SN74LV373APWRG4 Octal Transparent D-Type Latches

The SN74LV373APWRG4 from Texas Instruments is a high-performance octal transparent D-type latch designed for 2-V to 5.5-V VCC operation. This integrated circuit is part of the 74LV family, which is characterized by low-voltage operation and is particularly suitable for battery-powered devices, portable electronics, and other low-power applications.

The device features eight latches with 3-state outputs for bus-oriented applications. The latches appear transparent to data when the latch-enable (LE) input is high. When LE is low, the data that meets the setup times is latched. Data appears on the output when the output-enable (OE) input is low. When OE is high, the output is in the high-impedance state, which means it will not interfere with the bus lines.

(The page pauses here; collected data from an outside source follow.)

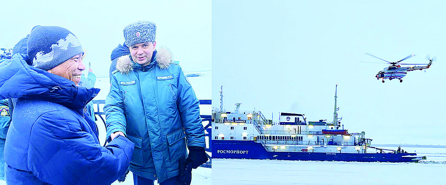 ထို့နောက် ရေခဲပြင်အတွင်းပိတ်မိနေသည့် အပြည်ပြည်ဆိုင်ရာရေကြောင်းသွား သင်္ဘောတစ်စင်းပေါ်ရှိ အန္တရာယ်ကြုံတွေ့ရသူများအား ဘေးအန္တရာယ်ရှာဖွေ ကယ်ဆယ်ကူညီရေးအဖွဲ့များက မောင်းသူမဲ့လေယာဉ်၊ ရေခဲပြင်သွားရှပ်ပြေးယာဉ်၊ ရဟတ်ယာဉ်၊ ရေခဲပြင်သွားလူနာတင် ယာဉ်များအသုံးပြု၍ ရှာဖွေကယ်ဆယ်ခြင်းနှင့် လိုအပ်သည့် ထောက်ပံ့ကူညီမှုများ ဆောင်ရွက်ခြင်းတို့ကို ရုရှားနိုင်ငံနှင့် မိတ်ဆွေနိုင်ငံများမှ အဖွဲ့အစည်းများ ပူးပေါင်းဆောင်ရွက်နိုင်ရေး ဇာတ်တိုက်လေ့ကျင့်ဆောင်ရွက်မှုကို ကြည့်ရှုအားပေးခဲ့သည်။
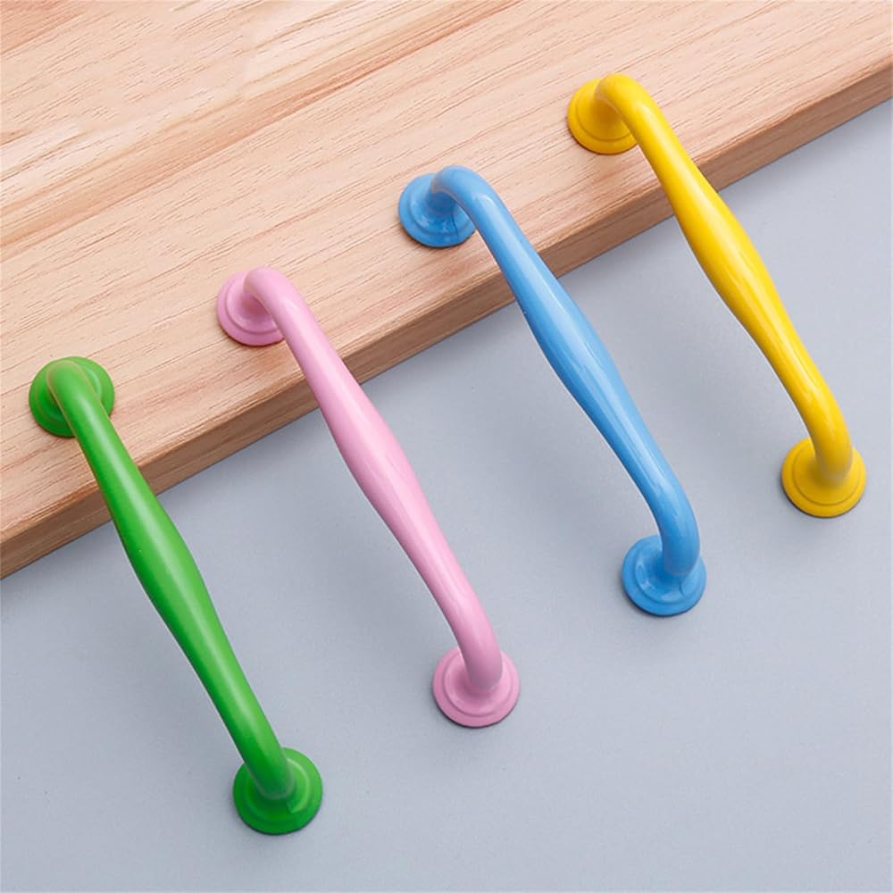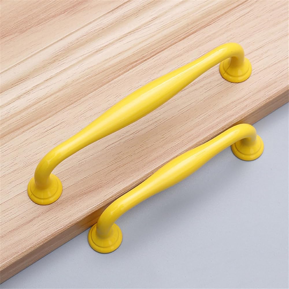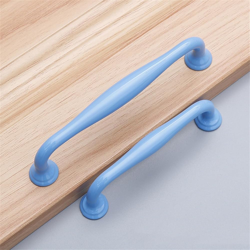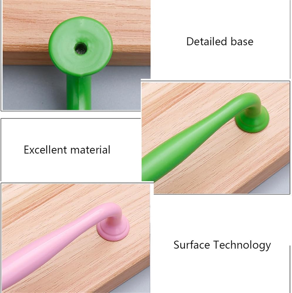 If you like DIY, this is a perfect shopping experience, our handles look great on any DIY project and you don't have to spend too much money. Product details: *Name: Nursery multi-coloured handle *Material: Aluminium alloy *Colour: blue/pink/yellow/green *Specifications: Hole spacing 96mm: length 113mm, width 18mm, height 32mm Hole spacing 128mm: length 147mm, width 18mm, height 35mm 1.ergonomic design:The appearance of the cabinet handles has been polished and bent several times to avoid scratches. Handle is ergonomic and extremely comfortable. We have made sufficient preparations for your experience.With this modern handle, you can easily transform cabinets, doors, drawers, bathrooms, etc. to make them more fashionable and beautiful. 2.Design with Rounded Corners:Furniture handles carried out the multi-layer electroplating and multi-layer baking and colouring process. The surface finishing of cabinet handles is so effective against scratches and corrosion 3.they are not only handles, but also part of the interior design, ideal for replacing old handles quickly and inexpensively. Enhance/decorate your furniture and improve its flavour. *Package includes: * Package contents: 2 x handle + screw
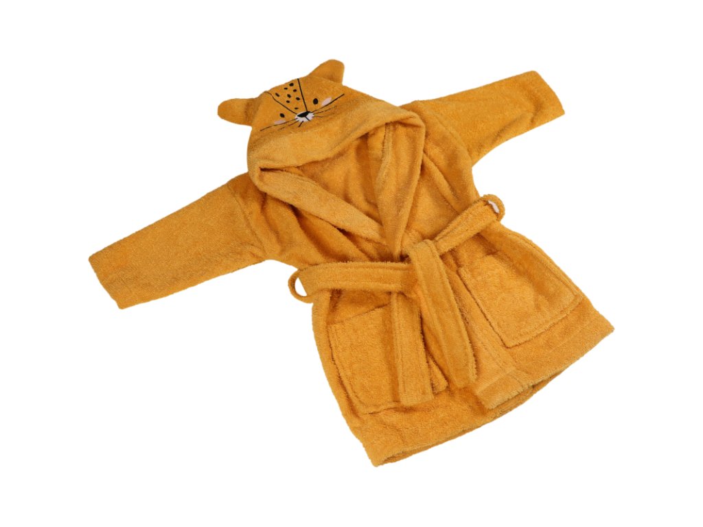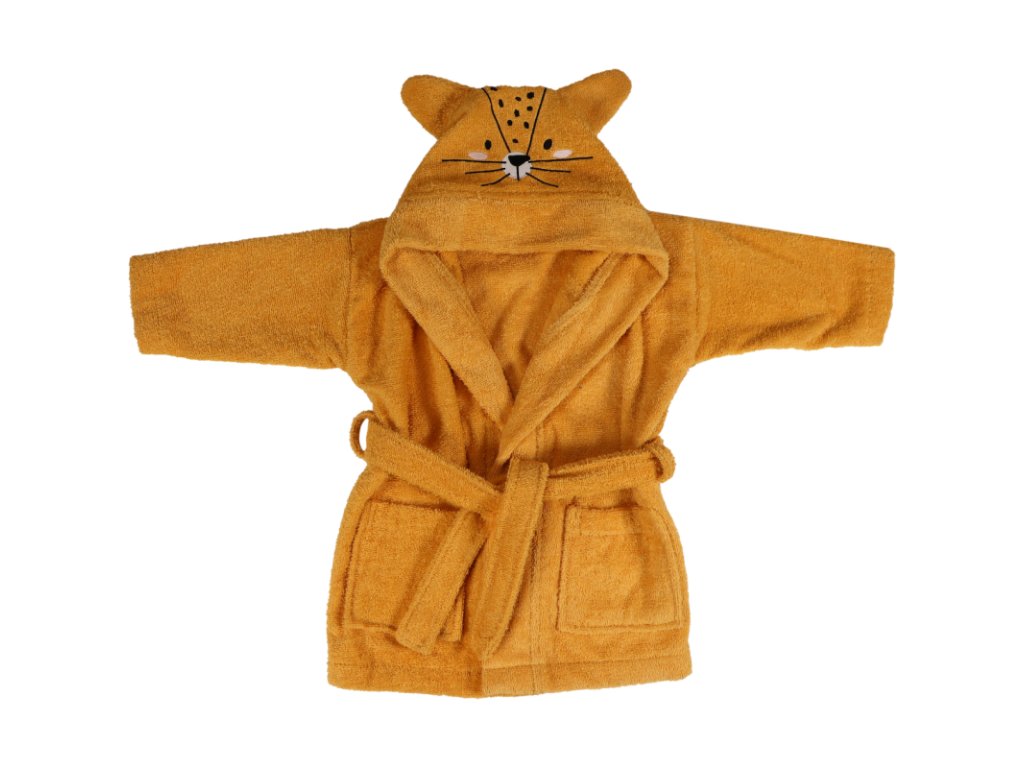 Tento detský župan je perfektným doplnkom pri kúpaní, a keď si dieťa nasadí kapucňu, objaví sa roztomilá tvárička a ušká leoparda Lennyho.

The SN74LV373APWRG4 is optimized for fast performance, boasting typical propagation delay times as low as 4.5 ns with a 5-V supply. This makes it an excellent choice for interfacing with high-speed microprocessors or microcontrollers where fast data transfer is crucial. Furthermore, its low power consumption and edge-rate control feature help to minimize the generation of noise on the data lines, ensuring stable and reliable operation.

Available in a TSSOP (Thin Shrink Small Outline Package) form, the SN74LV373APWRG4 is designed for space-saving on PCBs, making it an ideal choice for compact electronic designs. The device also supports mixed-voltage operation, providing the flexibility to interface with 5-V and 3.3-V logic signals, which is essential for mixed-voltage system environments.

With its robust latch function and compatibility with a wide range of operating voltages, the SN74LV373APWRG4 is a versatile component that can be used in a variety of digital applications, including computers, data storage, communication systems, and industrial controls.

Overall, the SN74LV373APWRG4 from Texas Instruments is a reliable and high-performing solution for designers looking to incorporate octal transparent D-type latches into their electronic systems.